- _Data segment_
BEGIN
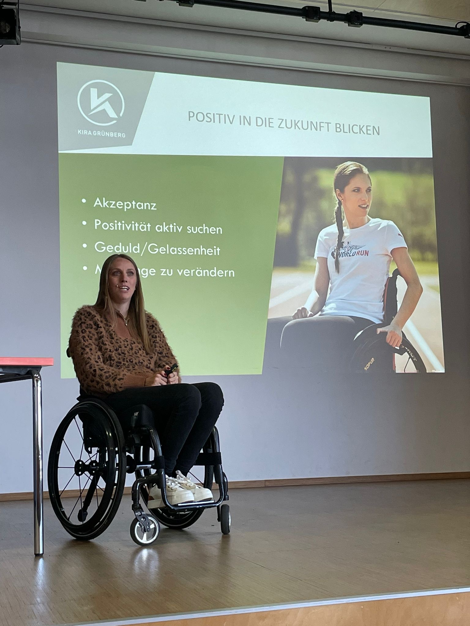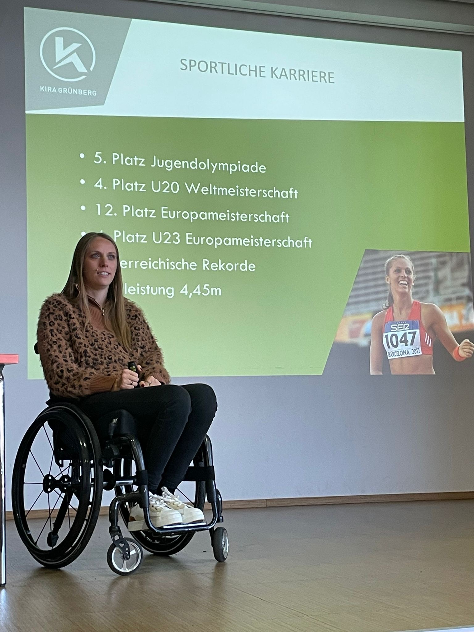 Kira Grünberg, ehemalige Leistungssportlerin im Stabhochsprung und seit einem Trainingsunfall querschnittgelähmt, besuchte unsere Schule und gab den OberstufenschülerInnen einen spannenden und beeindruckenden Einblick in ihr Leben vor und mit Querschnittlähmung. Trotz vieler Einschränkungen und Herausforderungen im Alltag meistert Frau Grünberg heute ihr Leben mit viel Freude, Mut und Optimismus, u. a. als Nationalratsabgeordnete im Parlament und Sprecherin für Menschen mit Behinderung.
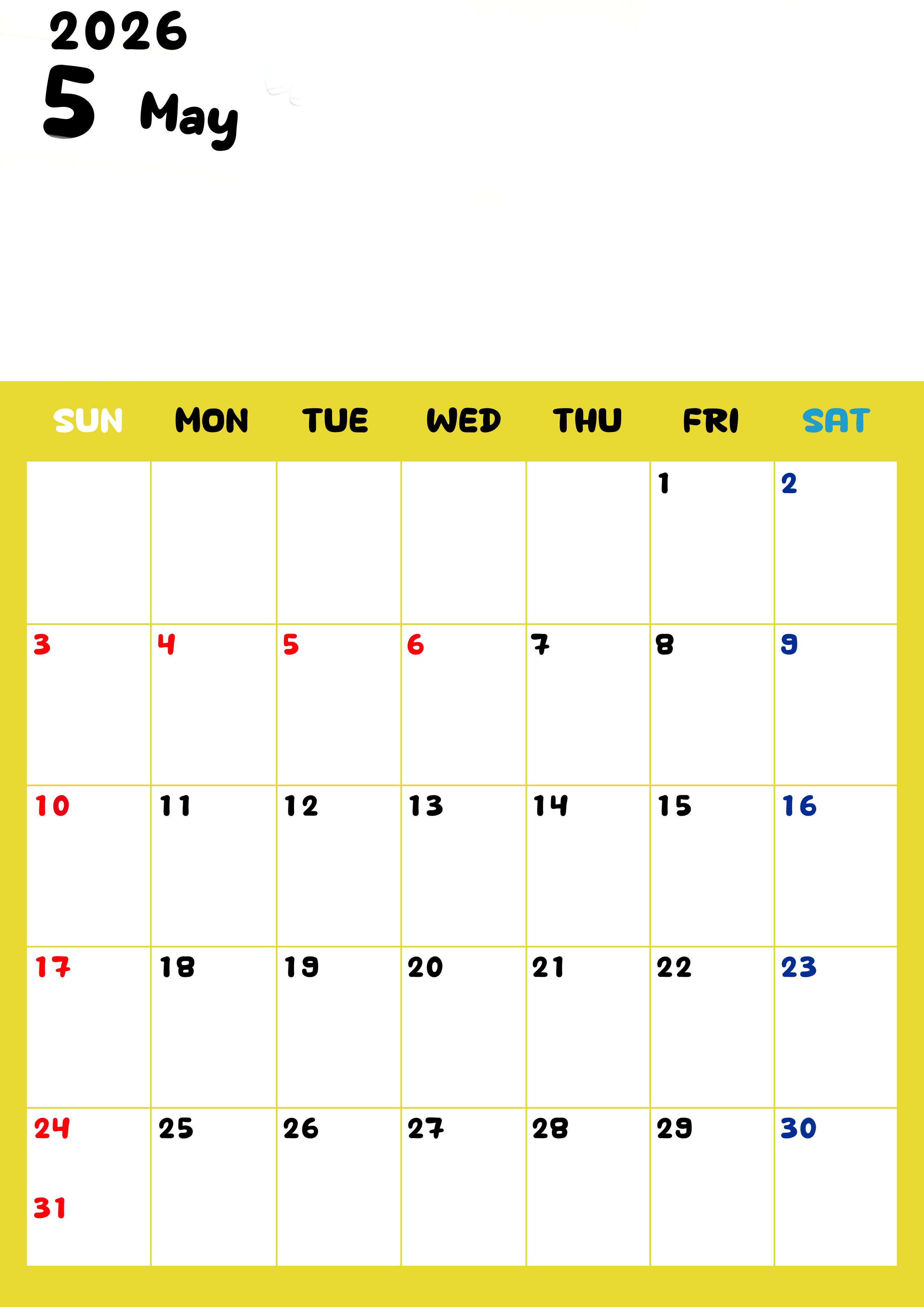 2026年・無料のカレンダーテンプレート 2026年5月縦型日曜始まり 書き込みしやすい文字が大きなA4無料シンプルなカレンダー(2026-01110510) 素材状デザイン王 2025年4月8日 2026年5月縦型日曜始まりの書き込みしやすい文字が大きなA4無料シンプルなカレンダーです。見やすいのでダウンロード利用をおすすめします。スケジュールを管理しやすいです。(2026-01110510) シンプル 5月 縦型のカレンダー 日曜始まり カレンダーデザイン-0111
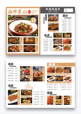 咖色简约大气餐厅招牌菜餐厅餐饮美食类横版菜单
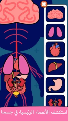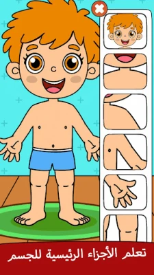 مرحباً بك في رحلة استكشاف مدهشة لجسم الإنسان، صُممت خصيصاً ليخوضها صغارنا بفضول واهتمام. يفتح هذا التطبيق التعليمي آفاقاً جديدة أمام الأطفال للتعرف على أجسادهم بطريقة تفاعلية ومبتكرة. انغمس في عالم أجزاء الجسم لتتعلم بوضوح عن التفاصيل الأمامية والخلفية، مثل الرأس واليدين والأصابع والقدمين، من خلال أنشطة تتراوح بين سحب الأجزاء لمواقعها الصحيحة، والنقر على المكونات، وتركيب التراكيب الأساسية.
END
- _Exercise requirements_
An exact reproduction of the data above is required, with every picture removed.

- _Output below_
 Kira Grünberg, ehemalige Leistungssportlerin im Stabhochsprung und seit einem Trainingsunfall querschnittgelähmt, besuchte unsere Schule und gab den OberstufenschülerInnen einen spannenden und beeindruckenden Einblick in ihr Leben vor und mit Querschnittlähmung. Trotz vieler Einschränkungen und Herausforderungen im Alltag meistert Frau Grünberg heute ihr Leben mit viel Freude, Mut und Optimismus, u. a. als Nationalratsabgeordnete im Parlament und Sprecherin für Menschen mit Behinderung.
 2026年・無料のカレンダーテンプレート 2026年5月縦型日曜始まり 書き込みしやすい文字が大きなA4無料シンプルなカレンダー(2026-01110510) 素材状デザイン王 2025年4月8日 2026年5月縦型日曜始まりの書き込みしやすい文字が大きなA4無料シンプルなカレンダーです。見やすいのでダウンロード利用をおすすめします。スケジュールを管理しやすいです。(2026-01110510) シンプル 5月 縦型のカレンダー 日曜始まり カレンダーデザイン-0111
 咖色简约大气餐厅招牌菜餐厅餐饮美食类横版菜单
 مرحباً بك في رحلة استكشاف مدهشة لجسم الإنسان، صُممت خصيصاً ليخوضها صغارنا بفضول واهتمام. يفتح هذا التطبيق التعليمي آفاقاً جديدة أمام الأطفال للتعرف على أجسادهم بطريقة تفاعلية ومبتكرة. انغمس في عالم أجزاء الجسم لتتعلم بوضوح عن التفاصيل الأمامية والخلفية، مثل الرأس واليدين والأصابع والقدمين، من خلال أنشطة تتراوح بين سحب الأجزاء لمواقعها الصحيحة، والنقر على المكونات، وتركيب التراكيب الأساسية.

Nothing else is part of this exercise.